“We saw a bloom in Candida auris,” said Dr. Rubin, who attributed the change to a handful of factors, particularly the challenges in testing for germs when so much testing resources went towards Covid-19.
Harmful drug-resistant bacteria are also emerging, including carbapenem-resistant Acinetobacter baumannii, which is classified as an “Urgent Health Threat” by the Centers for Disease Control and Prevention. In December, the CDC reported a group of Acinetobacter baumannii during a surge in Covid-19 patients in a New Jersey urban hospital with about 500 beds. The hospital was not identified. The bacterium Klebsiella pneumoniae spread to hospitals in Italy and Peru.
Recognizing the problem, three major medical societies sent a letter to the Centers for Medicare and Medicaid Services on Dec. 28, demanding a temporary suspension of the regulations that tie reimbursement rates to hospital-acquired infections. The three groups – the Society of Healthcare Epidemiology of America, the Society of Infectious Diseases Pharmacists, and the Association for Infection Control and Epidemiology – feared that infection rates might have increased due to Covid-19.

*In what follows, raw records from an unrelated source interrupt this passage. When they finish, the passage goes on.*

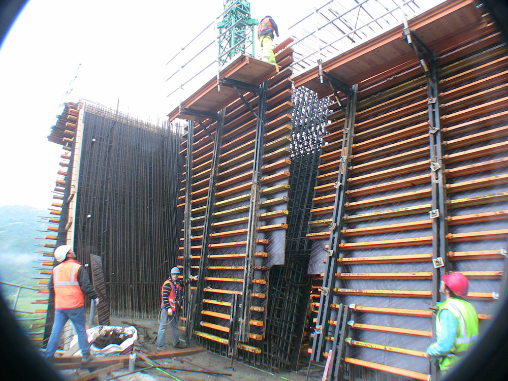 Las columnas de hasta 70 m de altura se realizaron en diferentes tongadas mediante la Consola de trepado CR-250 y el encofrado vertical ENKOFORM V-100.
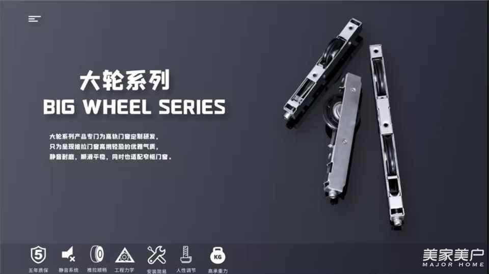 大轮系列产品专门为高轨门窗定制研发,只为呈现推拉门窗高挑轻盈的优雅气质,静音耐磨,顺滑平稳,同时也适配窄框门窗。
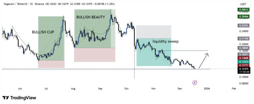 The Dogecoin price is now sitting in an area that has acted as a base several times before. This isn’t just another random level on the chart. It’s a zone where buyers have shown up in the past after similar pullbacks.
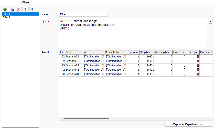 Press this button to export the current filter's scenarios as a new Basic Experiment Job.
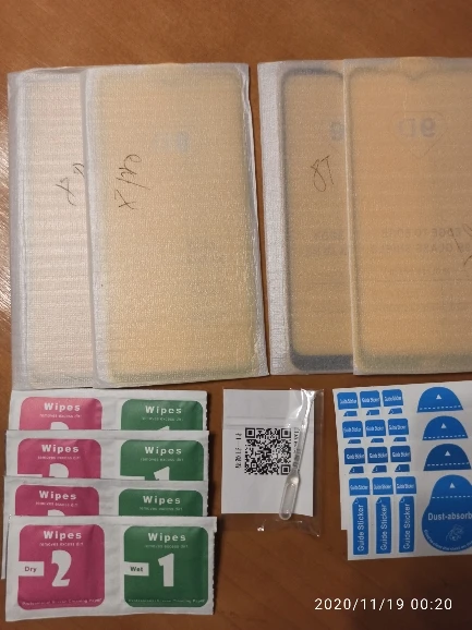 Заказывал 11.11. Получил 07.12. Упаковано в картонную коробку. Все дошло в целости и сохранности. Заказывал 2 стекла на Note 8 pro. В комплекте 2 набора салфеток и стикеров. Клей 1 шт. на 2 стекла.
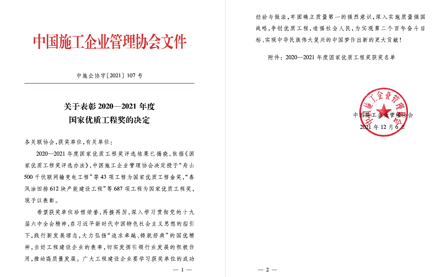 近日,該工程榮獲2020-2021年度第一批地區(qū)國家優(yōu)質工程獎,實現(xiàn)了博宏建設主申報國優(yōu)項目“0”的突破。

“The staff, care, care locations and standard patient care practices have all changed during this extraordinary period,” the letter said.
Not all types of drug-resistant infections have increased. For example, some research shows that the rate of hospital patients acquiring the bacterium Clostridioides difficile did not change much during the pandemic – a finding that suggests that the long-term effects of the pandemic on these infections overall are not yet clear.

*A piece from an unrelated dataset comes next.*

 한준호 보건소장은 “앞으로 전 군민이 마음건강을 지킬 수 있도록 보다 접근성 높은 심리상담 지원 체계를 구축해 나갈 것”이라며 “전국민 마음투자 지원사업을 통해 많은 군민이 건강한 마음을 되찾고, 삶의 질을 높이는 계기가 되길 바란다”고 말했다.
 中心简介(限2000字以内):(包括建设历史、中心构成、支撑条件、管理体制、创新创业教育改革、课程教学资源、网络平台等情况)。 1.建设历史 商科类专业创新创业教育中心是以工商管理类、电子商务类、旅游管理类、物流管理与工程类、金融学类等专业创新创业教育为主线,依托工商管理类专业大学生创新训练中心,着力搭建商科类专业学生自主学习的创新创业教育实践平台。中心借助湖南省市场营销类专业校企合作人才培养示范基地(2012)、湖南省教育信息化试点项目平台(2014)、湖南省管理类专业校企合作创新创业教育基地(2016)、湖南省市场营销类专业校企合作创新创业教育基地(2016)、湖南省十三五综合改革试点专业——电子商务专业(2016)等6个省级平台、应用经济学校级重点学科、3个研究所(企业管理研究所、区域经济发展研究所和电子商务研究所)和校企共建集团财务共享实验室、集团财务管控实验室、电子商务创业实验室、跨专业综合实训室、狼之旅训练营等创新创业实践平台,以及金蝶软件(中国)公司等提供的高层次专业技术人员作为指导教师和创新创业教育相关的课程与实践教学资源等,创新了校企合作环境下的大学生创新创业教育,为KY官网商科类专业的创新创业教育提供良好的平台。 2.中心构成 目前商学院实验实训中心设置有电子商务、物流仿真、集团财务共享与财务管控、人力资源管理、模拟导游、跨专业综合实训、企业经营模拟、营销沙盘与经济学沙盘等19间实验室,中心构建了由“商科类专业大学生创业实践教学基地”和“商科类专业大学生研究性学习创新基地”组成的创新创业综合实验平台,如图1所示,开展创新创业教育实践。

Dr. Huang and other experts said they are not claiming the priority in fighting Covid-19 was wrong. Rather, they say that drug-resistant germs need renewed attention. Previous research has shown that up to 65 percent of nursing home residents carry some form of drug-resistant infection.
Over the years, critics have alleged that hospitals, and especially nursing homes, have been negligent in their efforts to combat these infections because of the cost of disinfecting equipment, training staff, isolating infected patients, and checking for germs.